As always, the best Catholic position is a both/and.

There was another time, years ago, when I felt as welcomed as I did after Mass this past Saturday night. It was early on in my experience at a student church on campus at the university I was attending. I’d carpooled there, that night, with a beautiful woman who would later become my wife and her best friend. We were new-ish, and the pastor made note.

And, as I’ve seen him do many times since (and come to deeply respect and admire) he made his way down to speak to us. He asked our names, he asked what we were studying and about our ambitions and our lives. He reached out, and he made us feel welcome.

And so did his team. A ministry team which, not too long after, the three of us joined. In my time there I was on the setup and teardown crew, I led small groups, I worked on Audio/Visual production, and I even interned for a summer. I was welcomed and then connected.

I felt a similar thing happen at the Catholic parish I visited last night. As a new parishioner I was welcomed in, I was connected with others, and I was made to feel a part of something.

Isn’t that how you build a community?

And welcoming—the welcoming that I experienced—is the first step in the process.

 

The Key to the New Evangelization: A Welcoming Community

From the beginning the Church clung to a rhythm of corporate worship.

The first Christians got together and shared things in common. Jesus sent out his first disciples in pairs, two by two.

The Church is, by its natural and theology, communal. That wasn’t an accident.

As an Evangelical convert, however, I’ve experienced a serious disconnect between the theology of the our communal worship and what happens in practice.

Catholic churches can be cold.

But this is the heart of the New Evangelization—this is the key: to act like Christians to those we meet on the street, to our neighbours, and to those who come into the doors of our parishes.

What many Evangelical churches have that Catholic churches do not is a genuine, caring, community—and ways to connect together. These do not happen spontaneously.

One more thing about my experience last night.

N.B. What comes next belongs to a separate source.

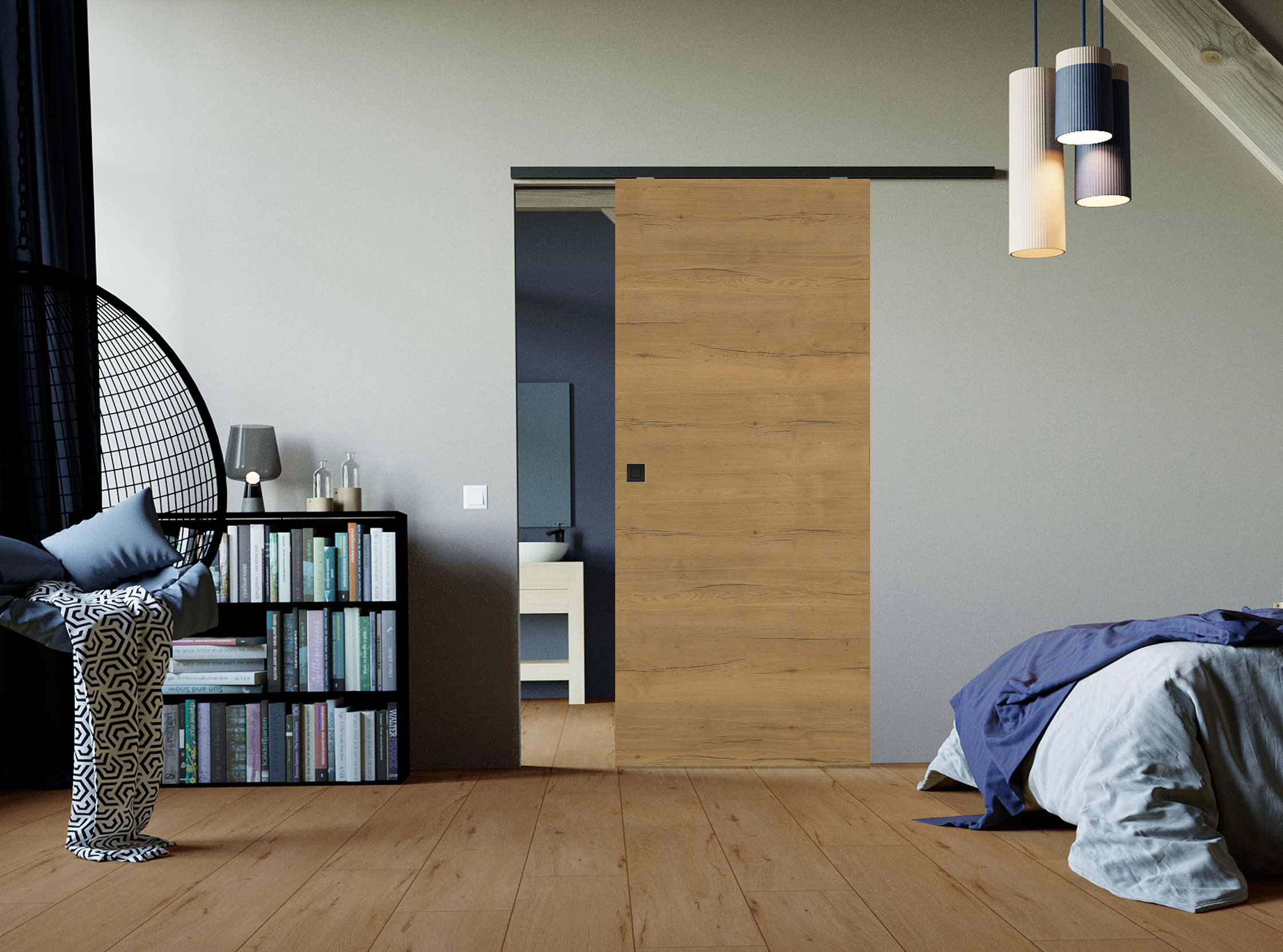 Satte Holzoptik und -haptik: Die CPL Struktura Fachwerk überzeugt nicht nur durch ihr authentisches Holzdesign, sondern sie fühlt sich durch ihre strukturierte Oberfläche auch wie echtes Holz an. Die Auswahl an verschiedenen Dekoren in mittleren bis dunklen Holztönen lässt sich wunderbar mit hellen Wandfarben kombinieren. Als Holzschiebetür mit dem Schiebetürsystem Classic 50/120 oder Basic 80 bietet die Tür eine platzsparende Lösung, einen flexiblen Raumtrenner sowie echte Barrierefreiheit.

During the Prayers of the Faithful, amongst prayers for relief from global disasters, for our wider community, and for our sick and our dead was a prayer intention which struck at the very heart of what I’m talking about. It was a prayer that the Lord would lead faithful, vibrant Catholics into the parish community; Catholic who would get involved, and take part.

This was the final piece of the puzzle.

 

The Eucharist is the Thing

At the core, the heart, of the Church is the Eucharist and, ultimately, the New Evangelization needs to equip Catholics to this end: to love the Eucharist. But we need to, likewise, get our brothers and sisters in the door first.

In my experience, there is a method to the madness—how we, the Catholic faithful, orient our communities to become communities:

  • We pray that the Spirit will build us up and send us those who would serve;
  • We welcome those who come with genuine warmth;
  • We build ways and means to truly connect Catholics in our community together;
  • We point, ultimately, to the Eucharist.

The counterpart to worship, in the Christian community, is fellowship, and Catholic parishes, truly after the heart of the New Evangelization, need to seriously consider both. In many cases, my experience is far from this. But it needn’t be.

Pope Francis’s message is clear: We need to learn how to welcome. Pray for it, pray about it, and position ourselves accordingly to respond. It is an orientation if nothing else.

After all what we have, as Catholics, is the ultimate grace of God in the Eucharist. What we do, by not getting involved in making our parishes reflect the heart of Christ, is to prevent our brothers and sisters from finding that incredible gift from God—the gift of the sacraments.

We need to orient ourselves so as not to hinder our fellow Christians from finding it. We need to, ultimately, centre our communities around the Eucharist. But if all those on the outside see is a stuffy old parish with no heart for God—if we fail to welcome and connect with one another—we may as well shutter the doors to the tabernacle and, sadly, go home.